И Велойч. Ни за что не выступит против Студта – последний выбил избыточное финансирование для одного проекта, с которым первый носился лет этак десять. Фабиан еще во время оно скептически относился к необходимости строительства аэропорта, и не простого, а с возможностью приема космических судов. На кой это нужно было рядом со столицей, когда космодромов было два и строился третий по абсолютно новому плану, никто внятно объяснить не мог, Велойч в том числе; ссылались на все ускоряющийся прогресс, на расширяющиеся возможности техники и прочее, прочее, на то, что вскорости космический туризм будет поставлен на поток, и где, как не рядом со столицей обеспечивать базу для этого. До этого времени было еще не менее полутора десятилетий, и насколько эволюционируют материаловедение, архитектура и кибернетика, было сложно предсказать, и как бы не пришлось в этом многострадальном аэропорту многое делать заново, а от многого отказываться, но Велойч жаждал воплощения этого проекта, а Студт с удовольствием сделал ему одолжение. И межпланетный аэропорт строился, деньги на него выделялись, Велойч все объяснял необходимость инвестиции еще пары десятков миллионов, Студт все его поддерживал, а Фабиан в частной беседе обсуждал с Севастиану и еще парой человек сметы этого проекта, экспертные заключения и возможность переоборудования аэропорта во что-то более дельное, когда из проекта устранится кое-кто твердолобый или когда этот кто-то наконец поймет бесцельность проекта. Хотя Фабиан и признавался себе: если, ЕСЛИ Велойч останется в консулате дальше, то деньги ему будут предоставлены, и Фабиан в первую очередь будет помалкивать, ну или поддерживать Велойча – в зависимости от настроений.

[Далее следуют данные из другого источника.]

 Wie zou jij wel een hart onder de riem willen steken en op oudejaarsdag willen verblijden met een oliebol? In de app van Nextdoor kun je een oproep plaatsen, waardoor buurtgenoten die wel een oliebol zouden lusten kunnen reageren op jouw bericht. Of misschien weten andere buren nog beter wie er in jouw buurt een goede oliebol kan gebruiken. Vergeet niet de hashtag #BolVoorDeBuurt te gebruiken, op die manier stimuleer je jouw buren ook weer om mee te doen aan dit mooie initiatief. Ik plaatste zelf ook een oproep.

Время шло. Велойч пересмеивался со Студтом. Тот ухмылялся и игнорировал Фабиана, иногда ловко, иногда демонстративно. Фабиан помалкивал и сдерживал ухмылку. Руминидис на пару с советниками прокуратуры прорабатывал детали. Томазин рыскал по консулату и магистрату. Альберт – тот, казалось, не интересовался ничем: он проводил рядом с Фабианом достаточно времени, чтобы никто не сомневался, что он неотлучно находится при пятом консуле. И Фабиан – ждал.

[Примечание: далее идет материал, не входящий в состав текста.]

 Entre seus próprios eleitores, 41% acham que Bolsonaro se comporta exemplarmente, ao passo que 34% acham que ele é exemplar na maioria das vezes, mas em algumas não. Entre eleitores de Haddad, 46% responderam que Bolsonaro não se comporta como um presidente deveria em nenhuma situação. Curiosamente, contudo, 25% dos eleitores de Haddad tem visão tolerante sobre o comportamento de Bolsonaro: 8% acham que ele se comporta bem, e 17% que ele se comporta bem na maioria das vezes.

На кой ему нужно было это консульство с этой вечной необходимостью лавировать между разными партиями, притворяться и сдерживаться, когда Фабиан мог позволить себе купить какую-нибудь небольшую страну где-нибудь в Тихом океане, насадить свой культ и жить в роскоши и праздности до конца своих дней – вопрос был явно с подвохом. Потому что. Насколько иррациональным был вопрос, настолько иррациональным оказывался и ответ: потому что он так хотел. Хотел на самый верх, туда, куда, по большому счету, ход одному человеку был заказан уже что-то около полувека. До этого – да, стояли на самой вершине власти одинокие люди, последнего и скинули – отцы-основатели, разумеется. Фабиан знал их биографии, официальные и иные, из специальных хранилищ, а еще личные документы изучал, а еще старики припоминали сплетни, и едва ли между последним диктатором и отцами-основателями, первыми консулами, было так много разницы. И Фабиан хотел себе триумфа, который не нужно было разделять ни с кем. Почти ни с кем.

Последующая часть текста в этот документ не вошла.